■ TASK MATERIAL
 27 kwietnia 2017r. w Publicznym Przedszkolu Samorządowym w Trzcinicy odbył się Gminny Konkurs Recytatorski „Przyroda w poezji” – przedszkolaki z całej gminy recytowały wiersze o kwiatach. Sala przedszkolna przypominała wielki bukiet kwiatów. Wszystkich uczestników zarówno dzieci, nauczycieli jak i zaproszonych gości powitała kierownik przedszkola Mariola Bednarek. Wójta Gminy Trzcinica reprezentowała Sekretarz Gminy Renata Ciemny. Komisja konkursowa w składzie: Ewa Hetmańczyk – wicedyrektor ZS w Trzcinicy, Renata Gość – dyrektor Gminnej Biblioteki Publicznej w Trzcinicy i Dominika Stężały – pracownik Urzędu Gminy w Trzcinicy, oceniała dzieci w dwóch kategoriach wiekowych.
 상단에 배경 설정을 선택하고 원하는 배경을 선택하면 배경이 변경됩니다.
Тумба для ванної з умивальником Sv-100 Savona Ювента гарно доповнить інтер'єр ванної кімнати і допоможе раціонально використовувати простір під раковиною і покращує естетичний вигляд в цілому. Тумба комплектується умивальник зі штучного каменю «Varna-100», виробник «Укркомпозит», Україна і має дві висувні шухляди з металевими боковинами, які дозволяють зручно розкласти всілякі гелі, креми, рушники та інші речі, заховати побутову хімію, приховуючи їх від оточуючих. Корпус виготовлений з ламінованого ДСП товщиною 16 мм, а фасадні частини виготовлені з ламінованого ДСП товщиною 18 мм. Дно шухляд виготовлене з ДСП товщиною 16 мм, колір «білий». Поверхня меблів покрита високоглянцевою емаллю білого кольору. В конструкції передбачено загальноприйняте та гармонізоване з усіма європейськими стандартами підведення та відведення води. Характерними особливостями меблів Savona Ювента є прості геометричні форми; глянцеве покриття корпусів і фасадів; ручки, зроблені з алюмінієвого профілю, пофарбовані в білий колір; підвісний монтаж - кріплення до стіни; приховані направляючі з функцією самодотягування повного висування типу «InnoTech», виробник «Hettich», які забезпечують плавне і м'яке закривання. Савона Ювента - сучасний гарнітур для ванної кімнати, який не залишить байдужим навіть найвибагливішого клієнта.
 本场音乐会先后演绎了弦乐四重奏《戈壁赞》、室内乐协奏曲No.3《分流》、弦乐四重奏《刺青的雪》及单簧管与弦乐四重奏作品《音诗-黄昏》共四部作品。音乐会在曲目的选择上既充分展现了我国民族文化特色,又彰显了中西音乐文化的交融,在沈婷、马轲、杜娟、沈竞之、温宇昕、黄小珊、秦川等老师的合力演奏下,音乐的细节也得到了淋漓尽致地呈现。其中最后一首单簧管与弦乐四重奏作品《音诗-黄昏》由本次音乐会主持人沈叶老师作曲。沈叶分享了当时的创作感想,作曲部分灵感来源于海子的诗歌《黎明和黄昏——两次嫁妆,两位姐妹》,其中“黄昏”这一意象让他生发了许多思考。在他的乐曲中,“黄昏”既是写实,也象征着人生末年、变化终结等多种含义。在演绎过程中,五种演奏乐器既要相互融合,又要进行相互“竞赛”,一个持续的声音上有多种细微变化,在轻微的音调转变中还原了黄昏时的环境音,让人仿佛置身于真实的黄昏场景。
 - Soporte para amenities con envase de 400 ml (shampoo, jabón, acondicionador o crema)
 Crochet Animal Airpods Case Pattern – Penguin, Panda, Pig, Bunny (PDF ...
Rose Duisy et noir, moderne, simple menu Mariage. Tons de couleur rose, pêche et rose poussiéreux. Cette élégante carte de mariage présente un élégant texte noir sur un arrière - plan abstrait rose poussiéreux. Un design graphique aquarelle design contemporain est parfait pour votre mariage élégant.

■ EXERCISE GOAL
A faithful copy of the lines from the line containing "- Soporte para" to the end of the data should be set down, both ends included, and nothing more.

■ THE ANSWER
 - Soporte para amenities con envase de 400 ml (shampoo, jabón, acondicionador o crema)
 Crochet Animal Airpods Case Pattern – Penguin, Panda, Pig, Bunny (PDF ...
Rose Duisy et noir, moderne, simple menu Mariage. Tons de couleur rose, pêche et rose poussiéreux. Cette élégante carte de mariage présente un élégant texte noir sur un arrière - plan abstrait rose poussiéreux. Un design graphique aquarelle design contemporain est parfait pour votre mariage élégant.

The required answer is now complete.